Task requirements
Please restate every line below exactly, without any pictures.

Information provided
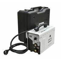 кабель питания, кабель массы, держатель электрода с кабелем, пластиковый кейс, ручка и ремень для переноски
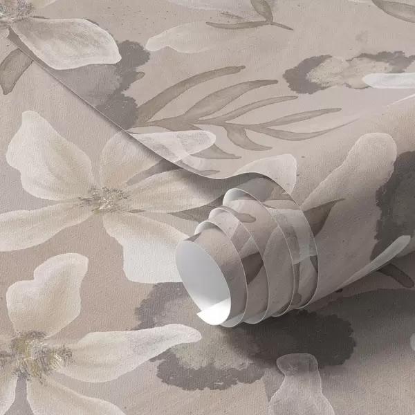 Tapetai Didelės smėlio spalvos gėlės su abstrakčiais akvarelės dėmelėmis Nr. a00635
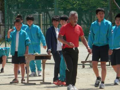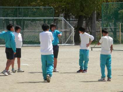 男子もスポーツテスト。今日はハンドボール投げですかね。
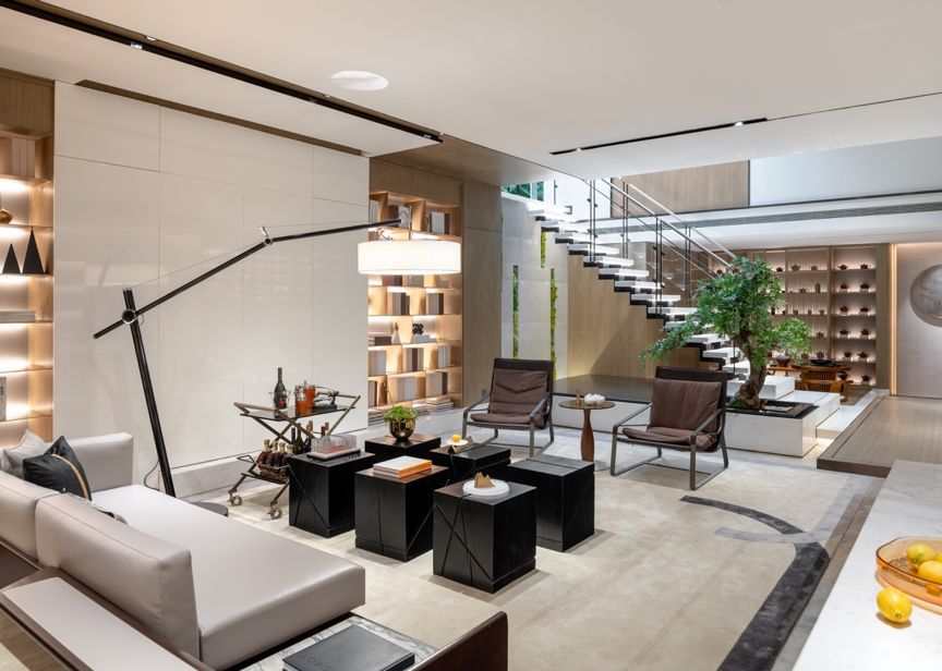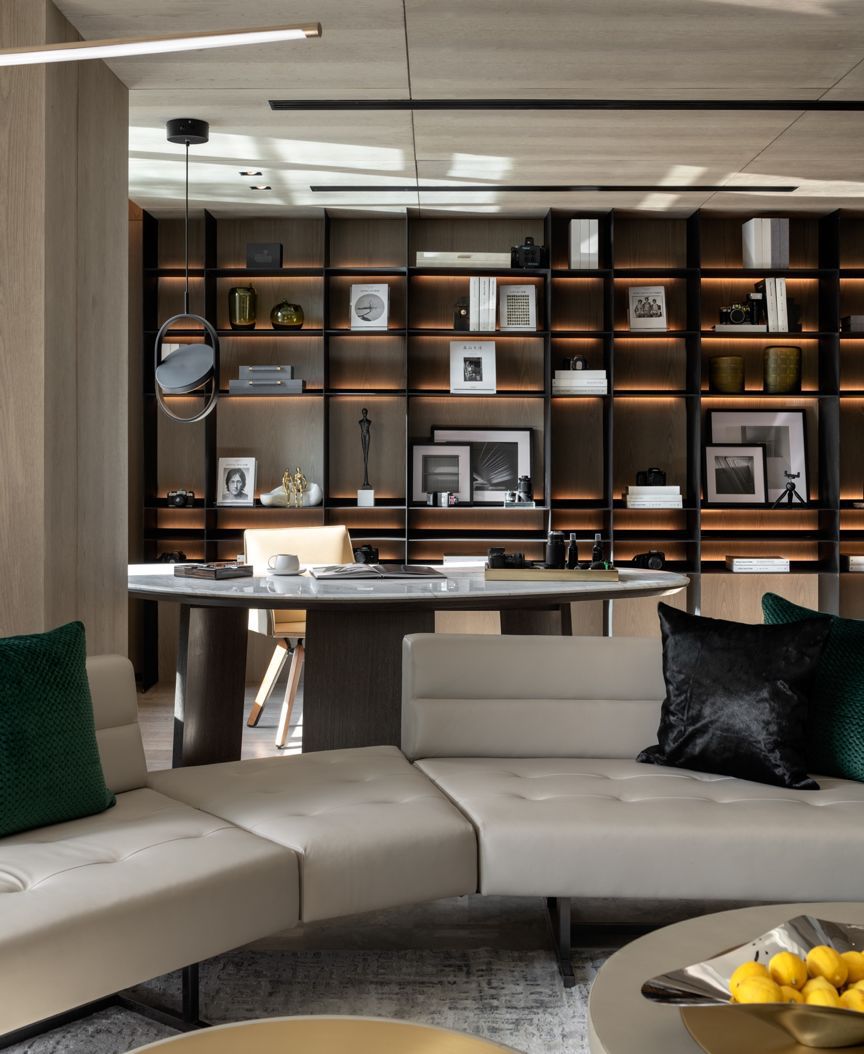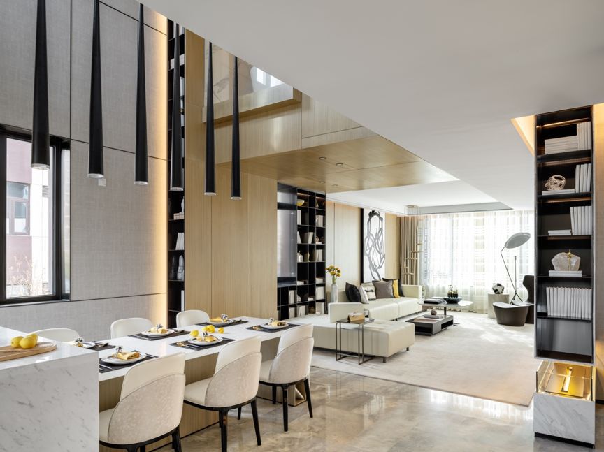 首层客厅,开场自由的空间架构,使得客厅、书房及餐厅在出入玄关的一刻便被一眼望尽,如同置身自然般,极大增加了交流的自由度。

Answer area
 кабель питания, кабель массы, держатель электрода с кабелем, пластиковый кейс, ручка и ремень для переноски
 Tapetai Didelės smėlio spalvos gėlės su abstrakčiais akvarelės dėmelėmis Nr. a00635
 男子もスポーツテスト。今日はハンドボール投げですかね。
 首层客厅,开场自由的空间架构,使得客厅、书房及餐厅在出入玄关的一刻便被一眼望尽,如同置身自然般,极大增加了交流的自由度。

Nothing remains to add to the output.